Eighty-one years of looking down the scope
We all dread the day, as hunters, when the pursuit outruns the pursuer. Our legs get weak, our knees give out, our vision gets blurry. You don’t really know when that day will come, only that it will come well before you’re mentally ready to allow it.
Bryant isn’t ready to hang up her spurs – a fitting phrase for a lifelong horse-riding big game hunter. For her 80th season hunting deer, Bryant wanted to do something special.
That anniversary came in 2021, but after a series of unforeseen setbacks, Bryant and her daughter Linda had to take a rain check until the following year. And when you get to be 90 years old, that’s an expensive check.
Erickson and her mom made plans to get on a mule deer buck on a friend’s property down in Malta this fall. After applying and drawing a controlled hunt tag, Bryant spent a few days just like every other hunter, sighting in her rifle and getting some practice at the range.
“I just wanted to say I hunted something for 80 years,” Bryant said.
With a little assistance from a level tripod and the love and support from her daughter and grandson Ryan, Bryant brought out her trusty .270 and put an eye up to the scope, but wasn’t able to see too well.
“We set her up with my 6.5 Creedmoor that had a better scope and could help her see a little better,” Erickson said.

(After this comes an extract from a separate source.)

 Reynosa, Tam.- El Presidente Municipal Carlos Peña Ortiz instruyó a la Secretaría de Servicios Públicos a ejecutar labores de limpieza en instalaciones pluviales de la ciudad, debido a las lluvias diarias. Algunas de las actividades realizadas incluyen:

With a handful of shots and the support of her family and their close friends who owned the property, Bryant was ready to find a buck.
‘There’s nothing wrong with the outdoor life’

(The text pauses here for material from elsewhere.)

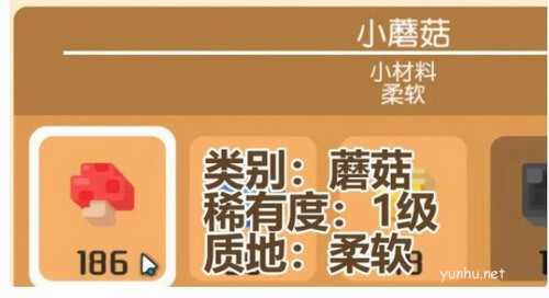 以小蘑菇为例,它有三个属性,分别为:稀有度1级,类别蘑菇,质地柔软。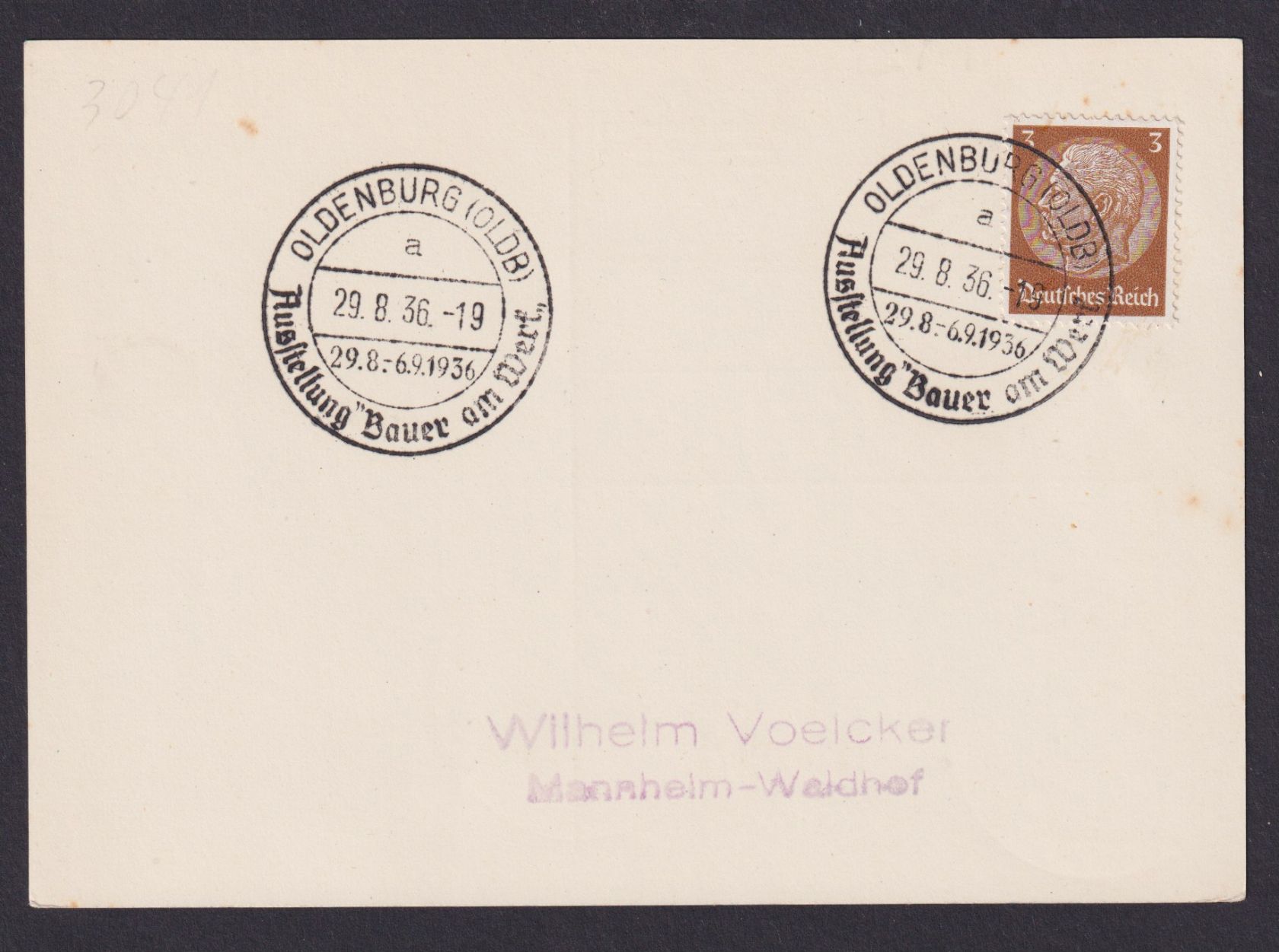 Oldenburg Niedersachsen Deutsches Reich Karte SST Bauer am Werk 29.08. bis

The next morning came, opening day, and Bryant and her entourage found a spot along the property and settled in as the sun started throwing shades of purple and red against the hillsides. It didn’t take long for a smaller buck to step out into the field.
Bryant settled in atop a wooden stool and took a long look down the scope. Her first shot missed just wide, and the little forked horn ran off.
Not long after, one of the property owner’s ranch managers spotted two mule deer bucks striding out into the field, one a large 3x4.
“The one closest to the tree!” one of the folks yelled.
Bryant looked down the scope and squeezed the trigger. At 224 yards away, that large 3x4 dropped without knowing what hit it. After 81 years, Bryant hadn’t lost her touch.
“It was quite exciting,” she said. “We loaded up the buck and hauled it back to the shop to hang. Then gutted it out. We had some that night.”
A family friend of Bryant’s and manager of the ranch carefully caped out the buck’s head and gave it to a taxidermist, where it will stay for a few more months. But upon its completion, there’s only one place Mildred Bryant plans on putting it.
Hung on the wall, right beside her other 50-year-old 4x4.
“There’s nothing wrong with the outdoor life,” Bryant said. “I truly believe that.”